Required work:
For the records below, please print exactly and only the lines from the one with "安装这个小前杠,就不需要原厂" down to the one with "magazine1990's Zora Lynn", both ends included, omitting the pictures.

Task input:
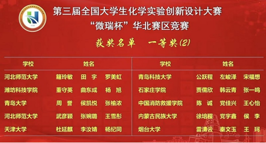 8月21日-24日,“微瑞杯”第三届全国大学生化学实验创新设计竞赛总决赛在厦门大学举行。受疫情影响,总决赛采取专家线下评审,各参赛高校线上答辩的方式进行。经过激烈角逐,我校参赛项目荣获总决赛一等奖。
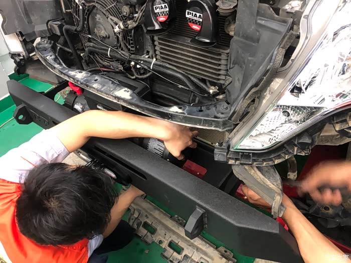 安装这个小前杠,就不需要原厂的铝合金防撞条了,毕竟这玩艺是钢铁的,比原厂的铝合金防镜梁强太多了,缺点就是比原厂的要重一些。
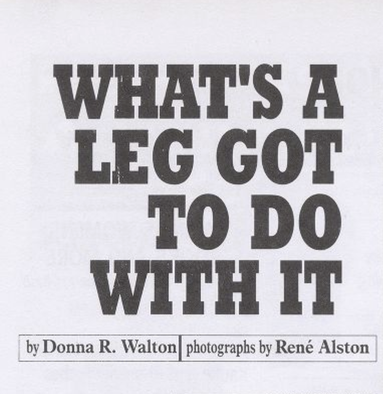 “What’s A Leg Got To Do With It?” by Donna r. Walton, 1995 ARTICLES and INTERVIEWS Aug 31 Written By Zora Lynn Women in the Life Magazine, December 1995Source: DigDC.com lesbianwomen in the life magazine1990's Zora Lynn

...

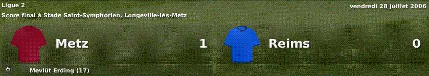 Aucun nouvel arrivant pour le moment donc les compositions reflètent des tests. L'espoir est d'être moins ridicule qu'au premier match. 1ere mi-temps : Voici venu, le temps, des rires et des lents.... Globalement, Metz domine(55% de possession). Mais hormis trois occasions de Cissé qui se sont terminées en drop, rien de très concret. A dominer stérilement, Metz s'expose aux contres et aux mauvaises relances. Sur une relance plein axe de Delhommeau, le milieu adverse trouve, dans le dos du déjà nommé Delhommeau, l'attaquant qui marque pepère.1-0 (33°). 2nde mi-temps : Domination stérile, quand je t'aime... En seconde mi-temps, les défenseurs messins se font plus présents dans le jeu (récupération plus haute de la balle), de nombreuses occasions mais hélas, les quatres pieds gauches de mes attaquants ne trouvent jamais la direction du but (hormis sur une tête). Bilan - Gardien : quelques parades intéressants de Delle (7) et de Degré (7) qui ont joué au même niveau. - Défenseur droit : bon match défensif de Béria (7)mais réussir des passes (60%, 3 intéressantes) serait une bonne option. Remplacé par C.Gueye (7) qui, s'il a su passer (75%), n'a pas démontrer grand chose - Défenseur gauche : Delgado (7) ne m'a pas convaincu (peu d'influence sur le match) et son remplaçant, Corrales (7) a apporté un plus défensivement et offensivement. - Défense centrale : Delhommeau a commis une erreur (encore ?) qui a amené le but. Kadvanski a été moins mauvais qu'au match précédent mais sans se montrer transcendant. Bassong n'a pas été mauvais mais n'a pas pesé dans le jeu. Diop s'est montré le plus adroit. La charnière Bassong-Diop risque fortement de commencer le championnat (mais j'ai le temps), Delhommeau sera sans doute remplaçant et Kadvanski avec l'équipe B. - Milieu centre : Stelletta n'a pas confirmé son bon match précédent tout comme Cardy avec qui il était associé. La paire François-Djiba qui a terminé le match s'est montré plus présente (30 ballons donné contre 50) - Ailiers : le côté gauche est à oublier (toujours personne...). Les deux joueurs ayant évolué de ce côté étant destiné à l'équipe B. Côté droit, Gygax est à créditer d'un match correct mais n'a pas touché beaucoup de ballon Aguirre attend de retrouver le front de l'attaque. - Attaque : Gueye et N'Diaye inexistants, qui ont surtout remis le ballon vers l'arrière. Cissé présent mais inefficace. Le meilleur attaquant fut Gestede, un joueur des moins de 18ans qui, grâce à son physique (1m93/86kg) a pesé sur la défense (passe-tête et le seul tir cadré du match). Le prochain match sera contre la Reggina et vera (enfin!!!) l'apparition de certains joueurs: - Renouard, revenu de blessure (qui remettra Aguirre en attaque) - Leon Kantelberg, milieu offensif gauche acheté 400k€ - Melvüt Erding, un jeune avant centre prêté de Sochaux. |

--

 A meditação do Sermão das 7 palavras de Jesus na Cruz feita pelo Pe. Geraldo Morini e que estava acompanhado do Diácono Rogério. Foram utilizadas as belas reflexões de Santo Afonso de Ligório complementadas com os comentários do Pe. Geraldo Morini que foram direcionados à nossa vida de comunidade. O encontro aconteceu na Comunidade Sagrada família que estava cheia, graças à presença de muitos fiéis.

Reply:
 安装这个小前杠,就不需要原厂的铝合金防撞条了,毕竟这玩艺是钢铁的,比原厂的铝合金防镜梁强太多了,缺点就是比原厂的要重一些。
 “What’s A Leg Got To Do With It?” by Donna r. Walton, 1995 ARTICLES and INTERVIEWS Aug 31 Written By Zora Lynn Women in the Life Magazine, December 1995Source: DigDC.com lesbianwomen in the life magazine1990's Zora Lynn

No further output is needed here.